# Deer sausage



## deb9017 (Aug 31, 2010)

So the employee that gave me the roasts yesterday also gave me a few packages of deer sausage. Can I feed this? I am certainly not going to eat it!


----------



## Newfdad (Sep 6, 2010)

I don't think I would feed it. The wild game sausages I've had usually have spices, salt, etc. added to them. You just don't know what else is in the casing other than venison.


----------



## harrkim120 (Feb 2, 2010)

Agreed. I had a friend give me some venison sausage once and there was no way I could have fed it to the dogs...there were so many spices in it that it didn't even smell like meat anymore once it was cooked. lol


----------



## DaneMama (Jun 27, 2008)

We've fed sausage before with no ill effects.


----------



## RawFedDogs (Jun 16, 2008)

The deer sausage I have seen is way too spicey for me to feel comfortable feeding.


----------



## deb9017 (Aug 31, 2010)

Yeah I know some of it can be pretty spicy. I am going to thaw some out, sniff it a little, and see what I think!


----------



## Ania's Mommy (Feb 8, 2009)

This may be a totally ignorant question, but isn't all deer sausage cooked?


----------



## deb9017 (Aug 31, 2010)

Ania's Mommy said:


> This may be a totally ignorant question, but isn't all deer sausage cooked?

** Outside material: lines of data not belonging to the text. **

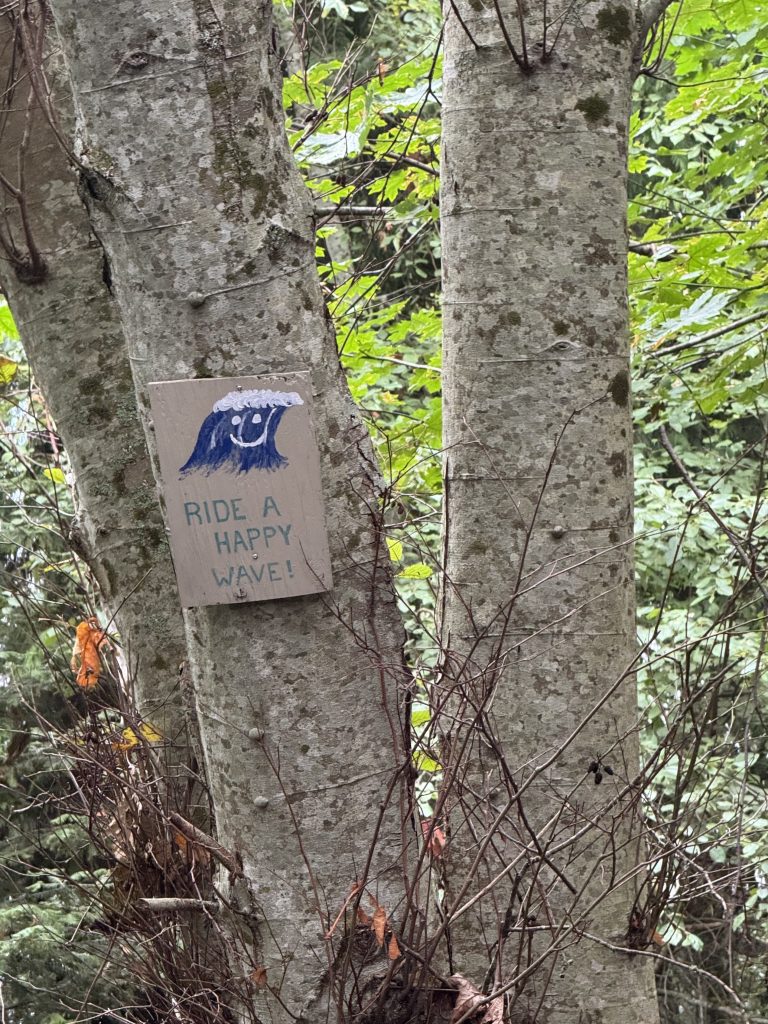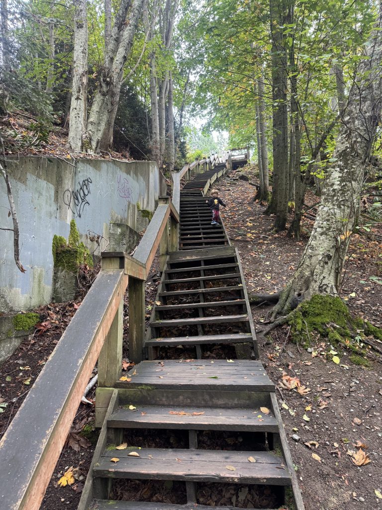 Accessing Blueback Beach Nanaimo means committing to the stairs. There are many of them—long wooden staircases that wind down through the rainforest. The walk down is easier, and along the way you can enjoy the beauty of the trees and even spot positive messages painted along the trail.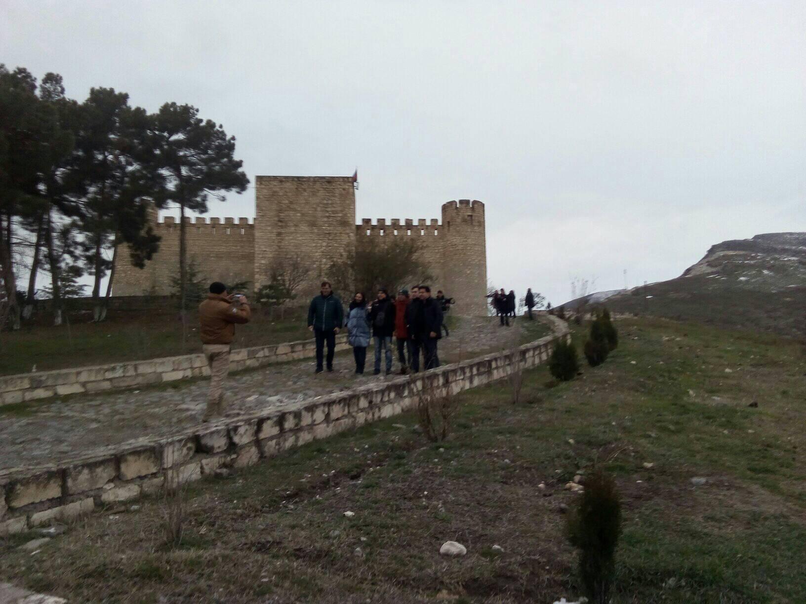 Как во всех провинциальных городах, основные административные,  культурно-спортивные здания в советском Агдаме располагались в центральной части.  Наши автобусы припарковались на пустой площадке, где до захвата города был мемориальный комплекс памяти воинам Второй Мировой Войны. Рядом стоит сохранившееся здание в Агдаме - мечеть Джума. И там же, в пяти минутах ходьбы, неразрушенный армянами архитектурно-исторический комплекс İmarət - усыпальница трех карабахских ханов и ханской дочери Хуршуд Бану Натаван.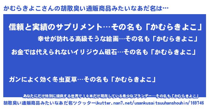| 女子向けラノベタイトル風あだ名 | 『かむらきよこ恋絵巻』 |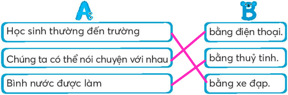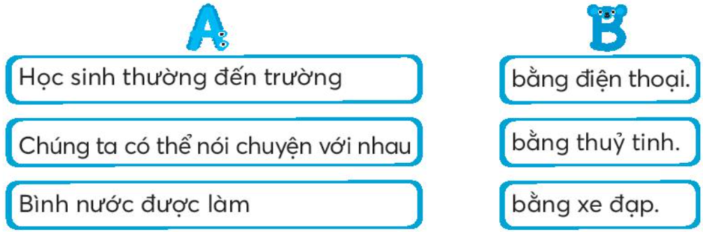 Nối ý ở cột A với ý phù hợp ở cột B để tạo câu.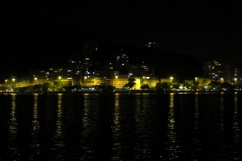 Auch Sigo macht sich nach dem Sonnenuntergang noch einmal auf den Weg … hält Ausschau nach einem freien Parkplatz gegenüber der nahegelegenen Militärstation. Aussichtslos … das kann am heutigen Sonntagabend noch lange dauern. Wir brechen auf … fahren die Promenade an der Copacabana ab. Wow … ist hier was los. Auf der Strandseite viele kleine Snackbars, Verkaufsstände und Straßenkünstler … auf der Gegenüberseite gut besuchte Restaurants, Hochhäuser in vollem Lichterglanz. Wir fühlen uns wie auf dem Strip nach Las Vegas versetzt.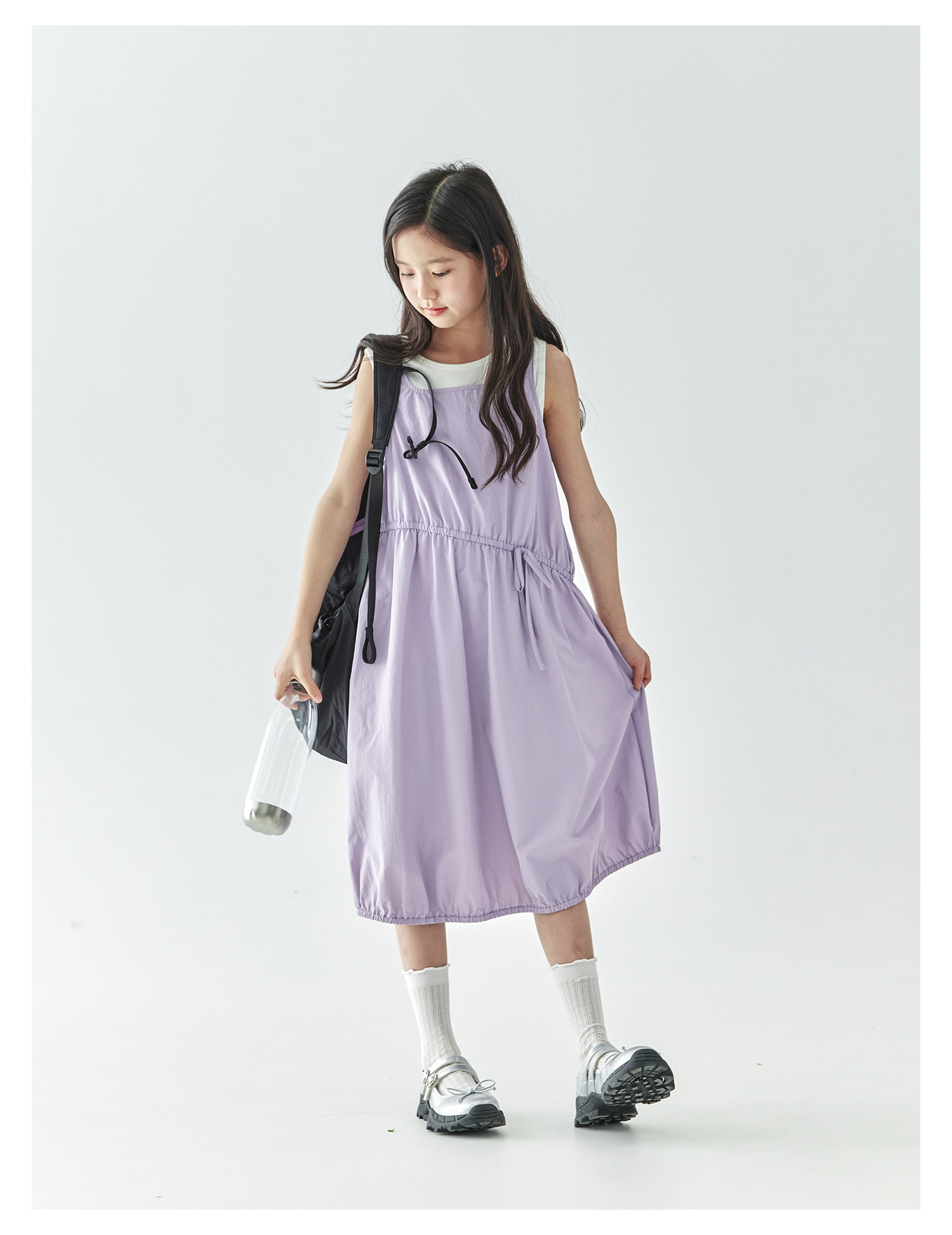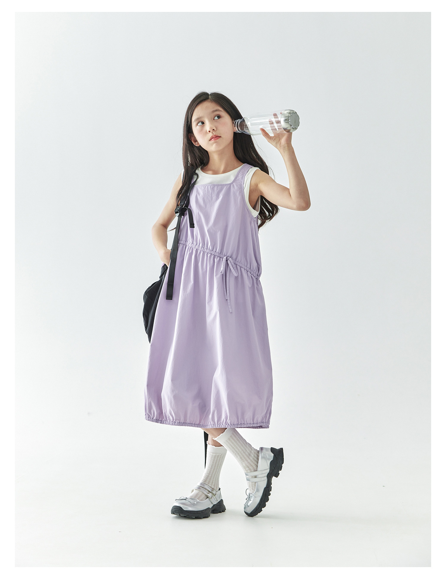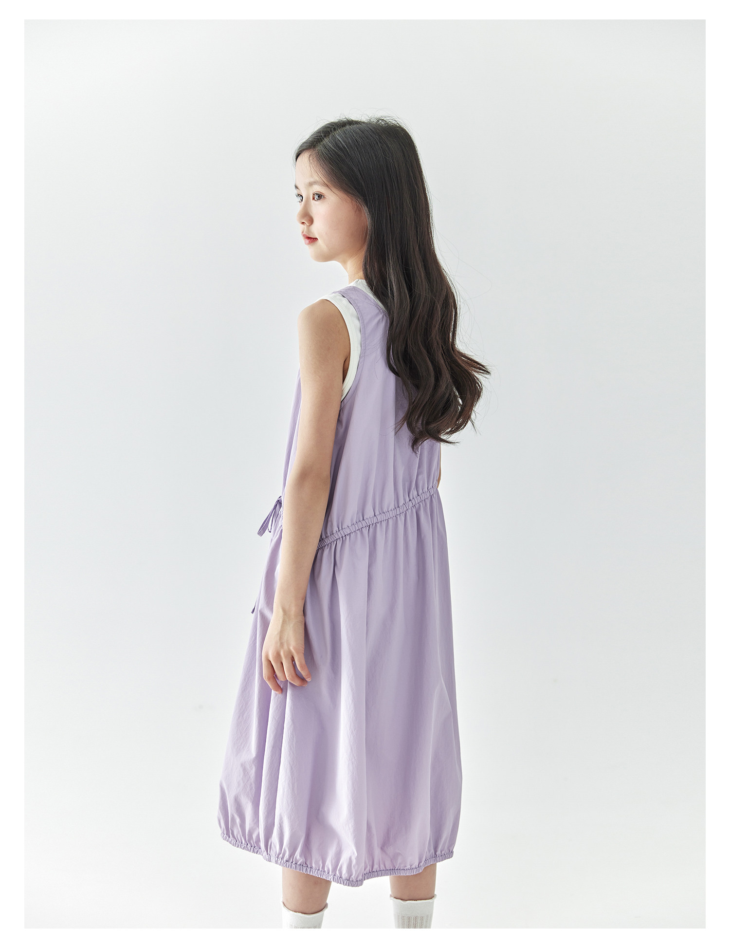 【代发】紫色尼龙连衣裙 棵初夏季款女童工装裙子不规则腰线纯色亲子花苞裙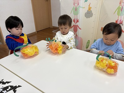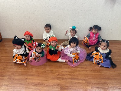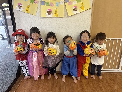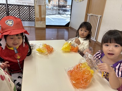 令和7年10月30日 🎃Happy♡Halloween🎃 今日は、保育園でハロウィンパーティーを しました♬ 各クラスでは、カボチャ・スティック・キャンディーの 制作をしたり…絵本を見たり… ゲームをして楽しみましたよ🍬🍭 いつもと違う服装での登園に なんだか照れながらも嬉しそうでした♡ ご協力ありがとうございました(*^^*)
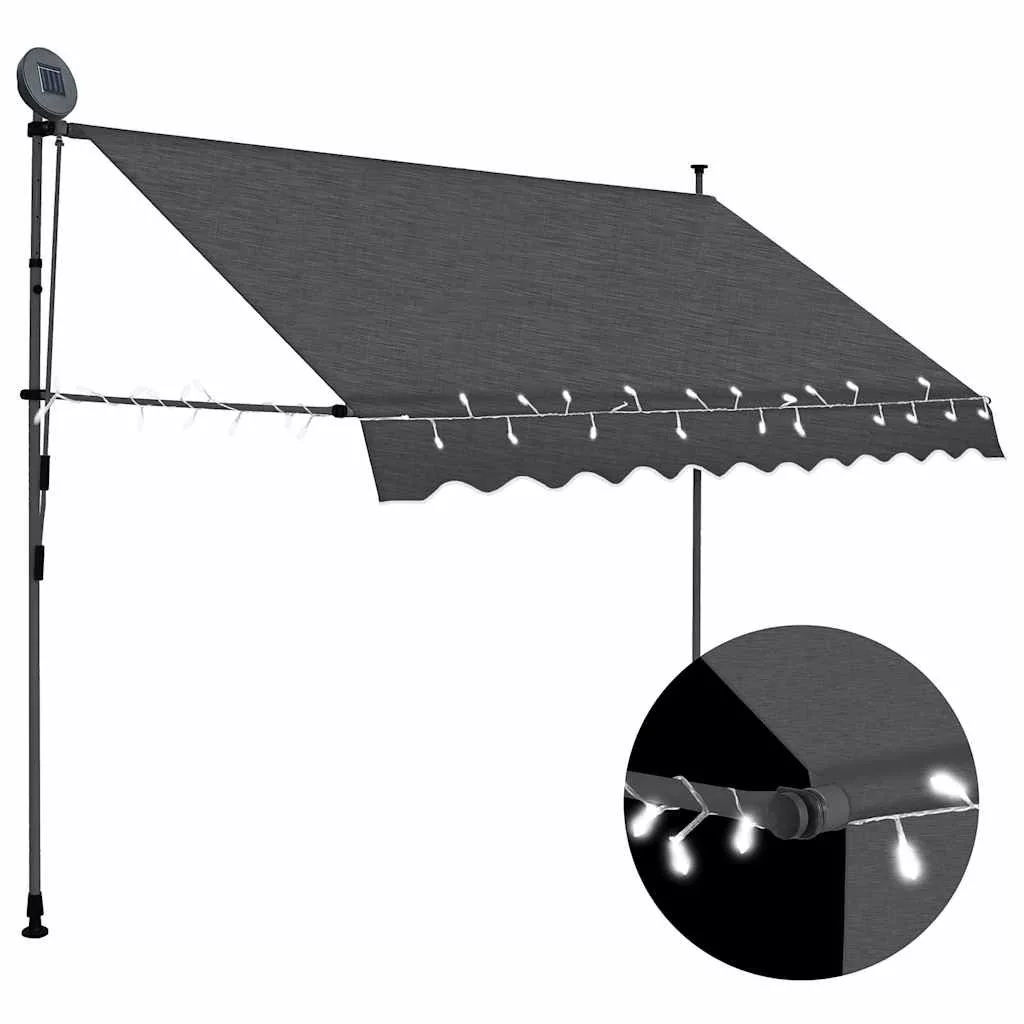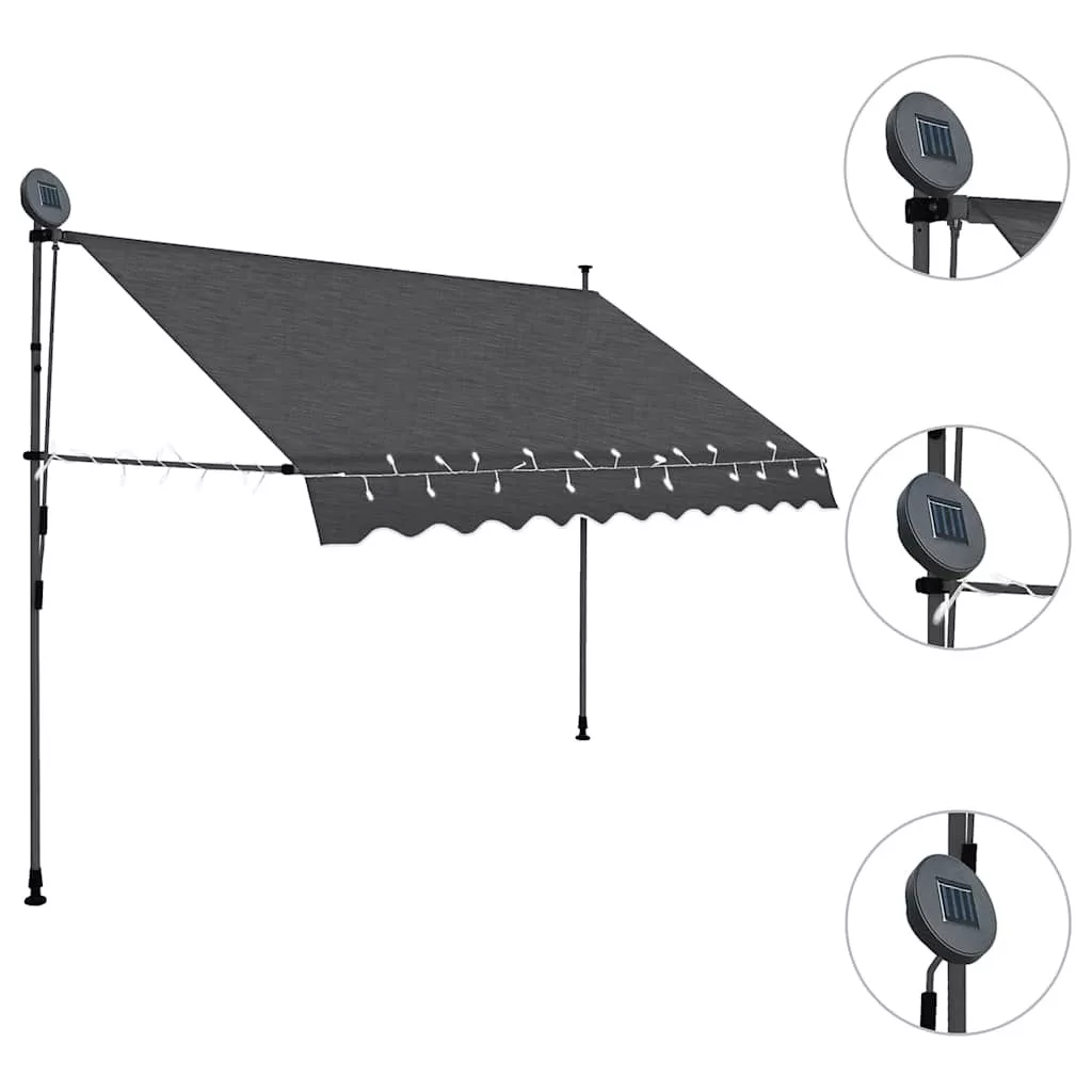 antracitszürke kézzel kihúzható LED-es napellenző 250 cm

I don't know. I have never had any before. It does not appear to be cooked from what I can tell through the package. But I guess I will have to check it out.


----------



## DaneMama (Jun 27, 2008)

The sausage we have always gotten was raw. And not that spicy smelling....never eaten any of it.


----------



## RawFedDogs (Jun 16, 2008)

The sausage I have gotten was raw but the instant you opened the wrapping, you were hit with the spicey sausage aroma.


----------



## DaneMama (Jun 27, 2008)

RawFedDogs said:


> The sausage I have gotten was raw but the instant you opened the wrapping, you were hit with the spicey sausage aroma.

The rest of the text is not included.